То идет на охоту охотник, ясачный черневой татарин[15] Ахъямка.
Идет и гнусаво тянет себе под нос:
— Уй-я-а, уй-я, гора какой долгой, лес кругом далеко пошел… Уй-я-а…
Поднимается на безлесные хребты, окидывает равнодушным взглядом широко раскинувшиеся, залитые солнцем таежные горы и подернутые голубой дымкой дали, потом поправляет путы лыж и, сообразив направление, катится на своих быстрых «камасных» лыжах с кручи.
Гибкий «каек» взрывает снег. В ушах свистит ветер, а навстречу бежит бор — сплошная темная заросль вековых гигантов и поглощает Ахъямку огромной черной пастью.
* * *
Ахъямка весел.
После долгих ухаживаний и неудачных попыток ему удалось сегодня утром поймать Лушку в охапку, прижать ее к себе и поцеловать.
Лушка — девка лет тридцати, приехавшая недавно в стряпки к управляющему прииском, — была толстая, некрасивая и рябая. Но она как-то сразу победила двадцатилетнее Ахъямкино сердце. Ахъямка стал особенно часто ходить на охоту и почти всю битую птицу нес на кухню управляющего.

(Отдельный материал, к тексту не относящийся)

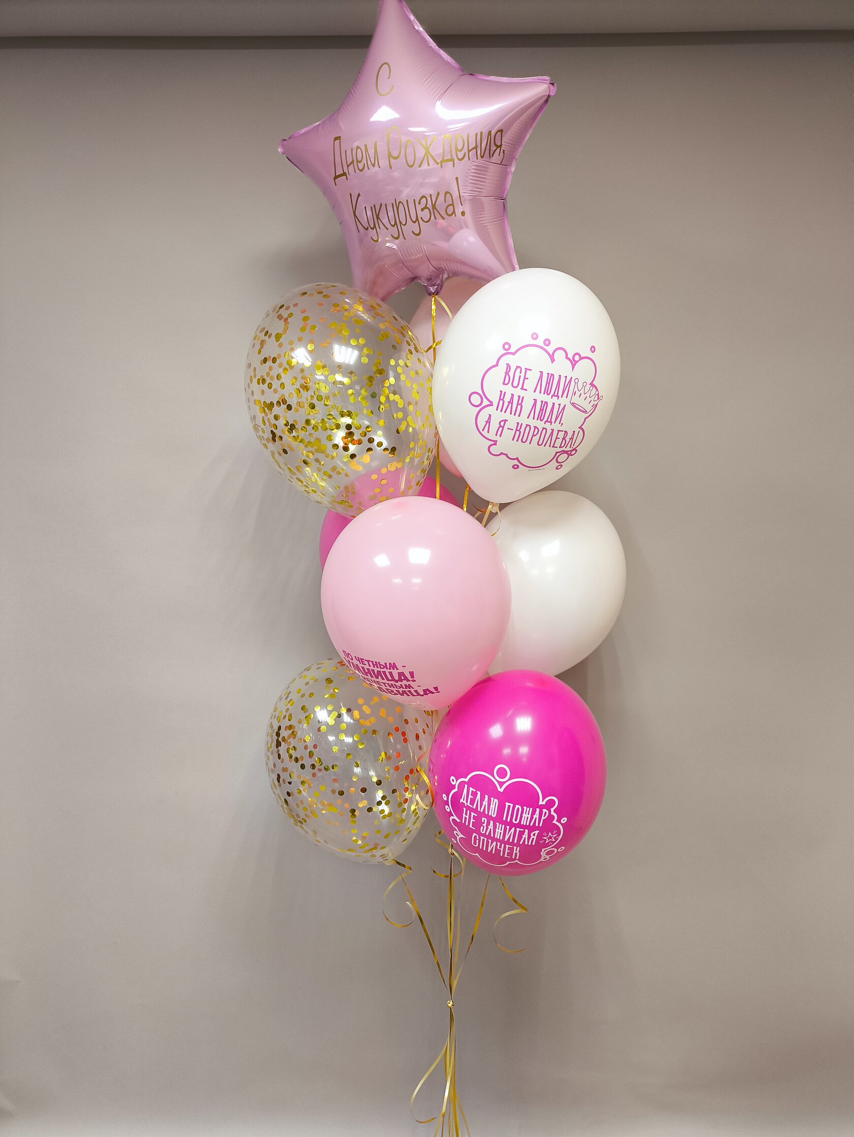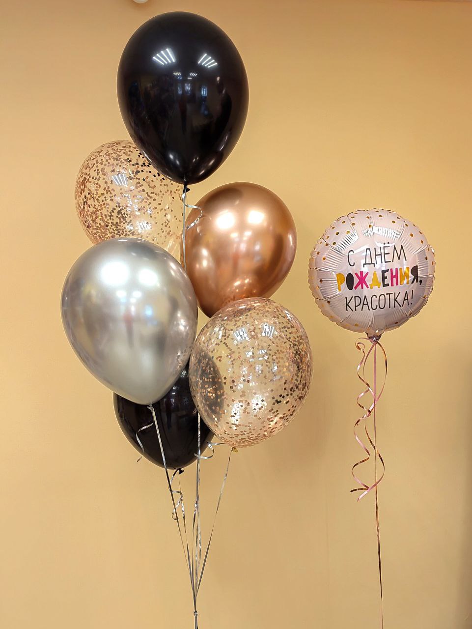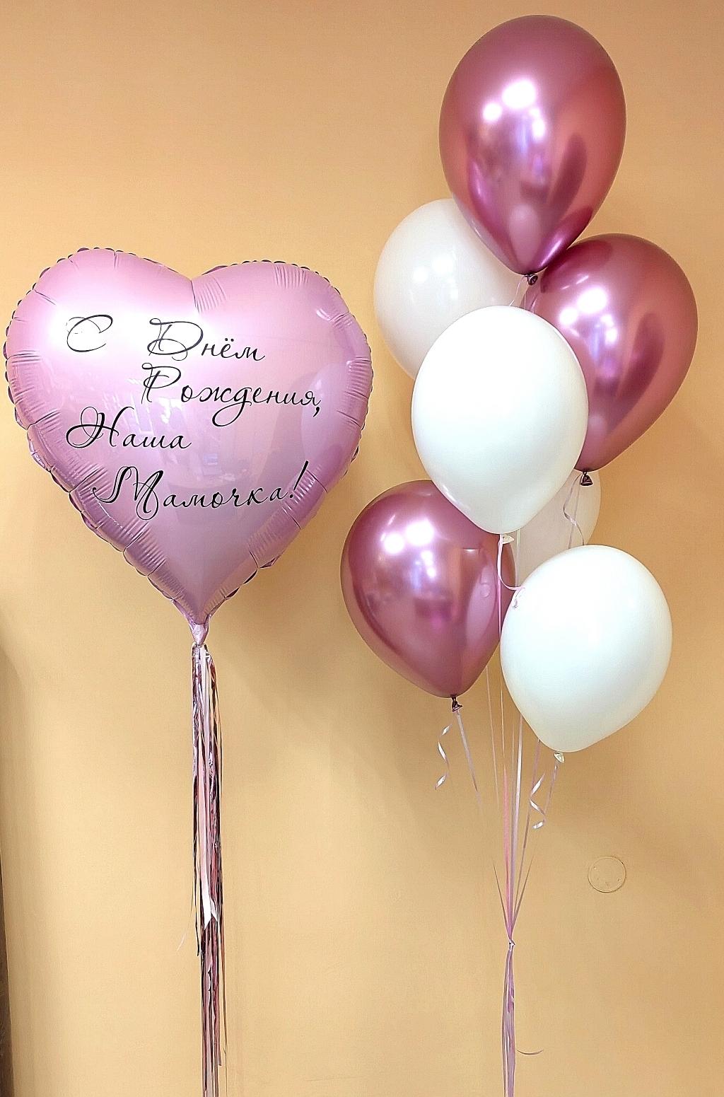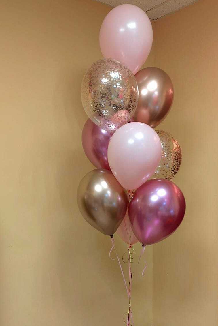 -Шар Сердце 18"/45см с индивидуальной надписью 1шт -Шар Звезда 18"/45см с индивидуальной надписью 1шт -Шары Хром 4шт -Шары с конфетти 3шт -Шар перламутровый розовый 1шт

Там он подолгу сидел в углу у двери и смотрел на Лукерью, как она, высоко подтыкав юбку, мыла кухню или, засучив рукава кофты и обнажив пухлые белые руки, стряпала управляющему вкусные блюда.
Ахъямке делалось жарко. Он потел, утирал грязным рукавом старого азяма пот и говорил старику-дровоколу Осипу:
— Карюш депка, жирнай!..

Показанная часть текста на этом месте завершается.